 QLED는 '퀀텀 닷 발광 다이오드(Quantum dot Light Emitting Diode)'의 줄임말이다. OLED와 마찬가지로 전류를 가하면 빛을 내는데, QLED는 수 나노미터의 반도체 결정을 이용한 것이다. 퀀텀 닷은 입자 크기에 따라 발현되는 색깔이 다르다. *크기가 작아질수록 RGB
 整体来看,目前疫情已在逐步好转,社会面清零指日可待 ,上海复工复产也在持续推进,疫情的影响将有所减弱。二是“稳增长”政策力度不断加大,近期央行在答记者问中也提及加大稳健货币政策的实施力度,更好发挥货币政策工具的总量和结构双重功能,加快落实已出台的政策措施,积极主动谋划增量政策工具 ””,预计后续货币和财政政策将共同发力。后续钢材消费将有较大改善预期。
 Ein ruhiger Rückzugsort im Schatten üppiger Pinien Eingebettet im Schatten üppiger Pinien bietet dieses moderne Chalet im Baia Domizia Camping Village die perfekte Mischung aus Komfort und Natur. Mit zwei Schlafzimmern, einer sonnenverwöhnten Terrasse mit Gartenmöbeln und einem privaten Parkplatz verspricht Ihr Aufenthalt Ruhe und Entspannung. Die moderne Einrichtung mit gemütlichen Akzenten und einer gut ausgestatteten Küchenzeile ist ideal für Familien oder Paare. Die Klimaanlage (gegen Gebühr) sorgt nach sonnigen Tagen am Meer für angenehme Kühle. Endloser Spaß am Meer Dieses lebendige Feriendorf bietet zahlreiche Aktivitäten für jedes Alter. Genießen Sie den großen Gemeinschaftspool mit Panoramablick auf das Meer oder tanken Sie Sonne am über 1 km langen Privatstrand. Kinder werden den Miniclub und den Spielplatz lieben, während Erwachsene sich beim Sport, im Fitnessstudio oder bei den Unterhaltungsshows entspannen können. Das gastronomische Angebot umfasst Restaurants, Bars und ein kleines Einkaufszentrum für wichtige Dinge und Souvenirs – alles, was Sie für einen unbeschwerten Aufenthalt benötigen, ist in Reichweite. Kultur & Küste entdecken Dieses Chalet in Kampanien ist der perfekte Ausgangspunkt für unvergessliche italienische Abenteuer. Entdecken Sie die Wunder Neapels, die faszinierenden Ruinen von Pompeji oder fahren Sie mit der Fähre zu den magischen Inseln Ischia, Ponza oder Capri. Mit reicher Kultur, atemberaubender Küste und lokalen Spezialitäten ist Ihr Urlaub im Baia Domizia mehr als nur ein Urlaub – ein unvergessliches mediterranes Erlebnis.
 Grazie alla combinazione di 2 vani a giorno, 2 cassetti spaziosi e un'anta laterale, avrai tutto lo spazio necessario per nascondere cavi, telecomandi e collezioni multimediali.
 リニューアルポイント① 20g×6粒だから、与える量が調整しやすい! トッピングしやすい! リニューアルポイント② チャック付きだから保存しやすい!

--

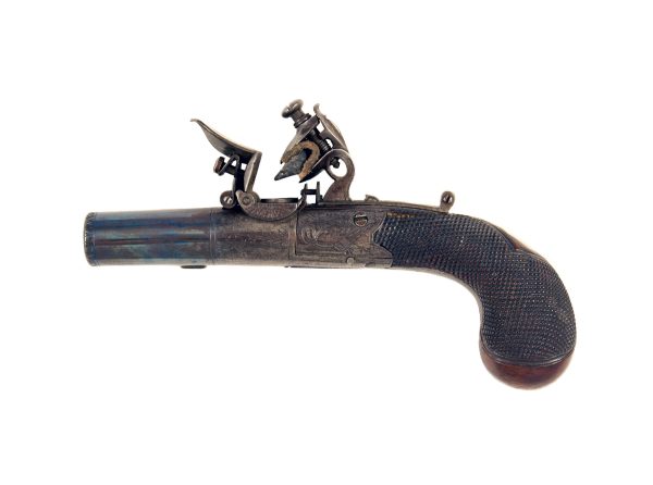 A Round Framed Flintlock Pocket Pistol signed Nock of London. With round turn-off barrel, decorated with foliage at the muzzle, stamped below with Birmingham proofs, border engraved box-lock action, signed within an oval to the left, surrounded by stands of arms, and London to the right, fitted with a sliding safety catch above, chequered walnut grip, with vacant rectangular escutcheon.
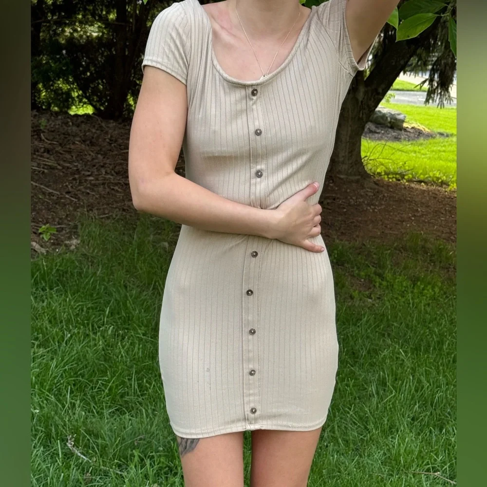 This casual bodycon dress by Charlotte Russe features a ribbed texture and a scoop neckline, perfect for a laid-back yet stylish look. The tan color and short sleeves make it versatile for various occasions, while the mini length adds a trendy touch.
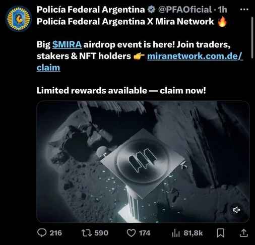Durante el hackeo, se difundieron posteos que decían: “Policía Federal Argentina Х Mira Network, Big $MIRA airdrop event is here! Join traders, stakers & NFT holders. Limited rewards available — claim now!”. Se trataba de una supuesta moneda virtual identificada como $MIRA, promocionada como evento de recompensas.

• [Aim of the exercise]:
Leave out the images and write out the lines above exactly, from the one with "This casual bodycon" up to and including the one with "Durante el hackeo, se".

• [Result below]:
 This casual bodycon dress by Charlotte Russe features a ribbed texture and a scoop neckline, perfect for a laid-back yet stylish look. The tan color and short sleeves make it versatile for various occasions, while the mini length adds a trendy touch.
Durante el hackeo, se difundieron posteos que decían: “Policía Federal Argentina Х Mira Network, Big $MIRA airdrop event is here! Join traders, stakers & NFT holders. Limited rewards available — claim now!”. Se trataba de una supuesta moneda virtual identificada como $MIRA, promocionada como evento de recompensas.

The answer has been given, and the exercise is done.